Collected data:
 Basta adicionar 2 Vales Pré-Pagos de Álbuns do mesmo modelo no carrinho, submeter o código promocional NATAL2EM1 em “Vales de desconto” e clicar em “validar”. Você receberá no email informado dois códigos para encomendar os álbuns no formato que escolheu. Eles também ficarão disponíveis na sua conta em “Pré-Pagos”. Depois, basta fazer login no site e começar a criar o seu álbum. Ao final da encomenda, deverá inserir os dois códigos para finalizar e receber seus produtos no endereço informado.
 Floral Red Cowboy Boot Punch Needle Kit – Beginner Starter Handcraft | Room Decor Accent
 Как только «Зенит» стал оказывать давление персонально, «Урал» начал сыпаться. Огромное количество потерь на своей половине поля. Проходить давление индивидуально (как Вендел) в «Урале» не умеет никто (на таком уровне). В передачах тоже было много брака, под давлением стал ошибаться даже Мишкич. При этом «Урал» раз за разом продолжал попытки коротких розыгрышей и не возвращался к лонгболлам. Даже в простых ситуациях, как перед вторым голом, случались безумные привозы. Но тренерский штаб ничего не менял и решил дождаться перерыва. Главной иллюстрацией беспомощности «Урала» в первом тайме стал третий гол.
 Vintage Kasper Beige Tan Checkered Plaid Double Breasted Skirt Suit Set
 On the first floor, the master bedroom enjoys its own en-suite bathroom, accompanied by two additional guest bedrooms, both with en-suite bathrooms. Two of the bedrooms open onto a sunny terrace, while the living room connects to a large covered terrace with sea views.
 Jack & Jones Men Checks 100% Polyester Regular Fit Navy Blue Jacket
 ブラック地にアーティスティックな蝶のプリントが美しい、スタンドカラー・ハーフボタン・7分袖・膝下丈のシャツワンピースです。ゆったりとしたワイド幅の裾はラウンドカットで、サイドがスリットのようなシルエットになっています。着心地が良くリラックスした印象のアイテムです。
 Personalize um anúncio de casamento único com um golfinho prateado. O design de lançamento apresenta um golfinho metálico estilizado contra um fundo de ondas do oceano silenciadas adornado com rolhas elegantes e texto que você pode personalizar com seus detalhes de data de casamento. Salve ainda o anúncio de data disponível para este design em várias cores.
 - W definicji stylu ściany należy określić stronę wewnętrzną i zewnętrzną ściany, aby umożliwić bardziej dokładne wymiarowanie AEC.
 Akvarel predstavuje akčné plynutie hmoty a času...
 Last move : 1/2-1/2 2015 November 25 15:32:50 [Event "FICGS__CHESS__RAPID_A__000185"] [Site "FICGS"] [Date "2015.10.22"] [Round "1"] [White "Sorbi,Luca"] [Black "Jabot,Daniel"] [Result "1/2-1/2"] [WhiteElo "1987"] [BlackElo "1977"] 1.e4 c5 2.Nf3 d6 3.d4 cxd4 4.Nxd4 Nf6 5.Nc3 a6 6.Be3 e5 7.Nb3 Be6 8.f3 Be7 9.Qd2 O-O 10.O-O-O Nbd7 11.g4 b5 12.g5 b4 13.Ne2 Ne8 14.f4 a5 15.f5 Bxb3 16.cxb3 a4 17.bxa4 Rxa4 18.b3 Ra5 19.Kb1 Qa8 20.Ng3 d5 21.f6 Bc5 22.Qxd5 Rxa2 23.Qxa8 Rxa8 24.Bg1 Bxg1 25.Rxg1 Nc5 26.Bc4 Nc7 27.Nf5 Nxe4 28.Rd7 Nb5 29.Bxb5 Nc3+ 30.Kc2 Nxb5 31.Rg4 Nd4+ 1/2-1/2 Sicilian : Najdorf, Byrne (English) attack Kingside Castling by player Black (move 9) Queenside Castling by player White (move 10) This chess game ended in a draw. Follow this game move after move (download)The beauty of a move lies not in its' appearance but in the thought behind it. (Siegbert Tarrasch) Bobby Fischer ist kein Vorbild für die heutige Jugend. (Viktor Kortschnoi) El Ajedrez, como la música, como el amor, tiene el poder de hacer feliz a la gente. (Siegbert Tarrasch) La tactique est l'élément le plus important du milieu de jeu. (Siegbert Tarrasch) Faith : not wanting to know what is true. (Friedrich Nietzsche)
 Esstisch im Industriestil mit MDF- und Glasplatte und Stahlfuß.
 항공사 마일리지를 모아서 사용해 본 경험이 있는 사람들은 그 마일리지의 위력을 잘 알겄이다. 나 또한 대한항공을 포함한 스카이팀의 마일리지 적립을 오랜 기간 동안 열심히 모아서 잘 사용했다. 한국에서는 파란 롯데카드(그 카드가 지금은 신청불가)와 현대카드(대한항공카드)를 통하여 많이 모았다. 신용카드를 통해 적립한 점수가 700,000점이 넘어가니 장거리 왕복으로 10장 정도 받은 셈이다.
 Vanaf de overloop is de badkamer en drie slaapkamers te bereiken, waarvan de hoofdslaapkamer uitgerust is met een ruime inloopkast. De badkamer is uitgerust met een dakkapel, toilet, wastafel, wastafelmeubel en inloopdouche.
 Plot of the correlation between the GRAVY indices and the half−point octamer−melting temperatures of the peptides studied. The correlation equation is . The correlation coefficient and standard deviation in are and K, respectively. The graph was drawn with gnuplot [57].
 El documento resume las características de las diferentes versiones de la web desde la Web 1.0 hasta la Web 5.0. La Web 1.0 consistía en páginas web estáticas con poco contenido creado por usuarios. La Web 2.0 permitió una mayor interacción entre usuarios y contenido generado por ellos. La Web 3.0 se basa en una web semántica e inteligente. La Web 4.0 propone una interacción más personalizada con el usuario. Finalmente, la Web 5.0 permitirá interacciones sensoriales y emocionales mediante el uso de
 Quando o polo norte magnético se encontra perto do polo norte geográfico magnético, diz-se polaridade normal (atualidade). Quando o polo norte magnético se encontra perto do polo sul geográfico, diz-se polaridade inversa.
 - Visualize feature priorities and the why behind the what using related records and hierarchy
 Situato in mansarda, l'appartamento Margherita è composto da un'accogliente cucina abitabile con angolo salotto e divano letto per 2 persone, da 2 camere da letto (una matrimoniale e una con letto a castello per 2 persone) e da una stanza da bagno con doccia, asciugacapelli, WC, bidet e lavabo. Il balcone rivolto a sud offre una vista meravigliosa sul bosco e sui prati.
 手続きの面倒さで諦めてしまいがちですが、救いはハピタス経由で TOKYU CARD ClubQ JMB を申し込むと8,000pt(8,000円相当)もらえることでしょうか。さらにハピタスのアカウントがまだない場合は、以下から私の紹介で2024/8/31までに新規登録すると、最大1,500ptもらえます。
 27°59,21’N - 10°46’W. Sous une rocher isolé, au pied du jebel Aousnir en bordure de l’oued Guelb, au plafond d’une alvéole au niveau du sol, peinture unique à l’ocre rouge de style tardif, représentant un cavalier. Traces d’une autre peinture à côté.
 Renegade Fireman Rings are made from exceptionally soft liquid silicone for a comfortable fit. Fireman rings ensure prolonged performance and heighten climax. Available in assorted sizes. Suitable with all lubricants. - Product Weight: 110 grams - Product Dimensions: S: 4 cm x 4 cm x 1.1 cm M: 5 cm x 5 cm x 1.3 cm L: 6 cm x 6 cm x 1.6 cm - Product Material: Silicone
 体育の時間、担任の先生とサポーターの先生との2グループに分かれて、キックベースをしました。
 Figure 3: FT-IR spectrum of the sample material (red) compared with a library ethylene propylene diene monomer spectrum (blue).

## Problem requirements
Write out, exactly as they appear, the lines from the one containing "手続きの面倒さで諦めてしまいがちですが、救いはハピタス経由で TOKYU CARD" through the last line of the records above, both included, and nothing more.

## Answer to the exercise
 手続きの面倒さで諦めてしまいがちですが、救いはハピタス経由で TOKYU CARD ClubQ JMB を申し込むと8,000pt(8,000円相当)もらえることでしょうか。さらにハピタスのアカウントがまだない場合は、以下から私の紹介で2024/8/31までに新規登録すると、最大1,500ptもらえます。
 27°59,21’N - 10°46’W. Sous une rocher isolé, au pied du jebel Aousnir en bordure de l’oued Guelb, au plafond d’une alvéole au niveau du sol, peinture unique à l’ocre rouge de style tardif, représentant un cavalier. Traces d’une autre peinture à côté.
 Renegade Fireman Rings are made from exceptionally soft liquid silicone for a comfortable fit. Fireman rings ensure prolonged performance and heighten climax. Available in assorted sizes. Suitable with all lubricants. - Product Weight: 110 grams - Product Dimensions: S: 4 cm x 4 cm x 1.1 cm M: 5 cm x 5 cm x 1.3 cm L: 6 cm x 6 cm x 1.6 cm - Product Material: Silicone
 体育の時間、担任の先生とサポーターの先生との2グループに分かれて、キックベースをしました。
 Figure 3: FT-IR spectrum of the sample material (red) compared with a library ethylene propylene diene monomer spectrum (blue).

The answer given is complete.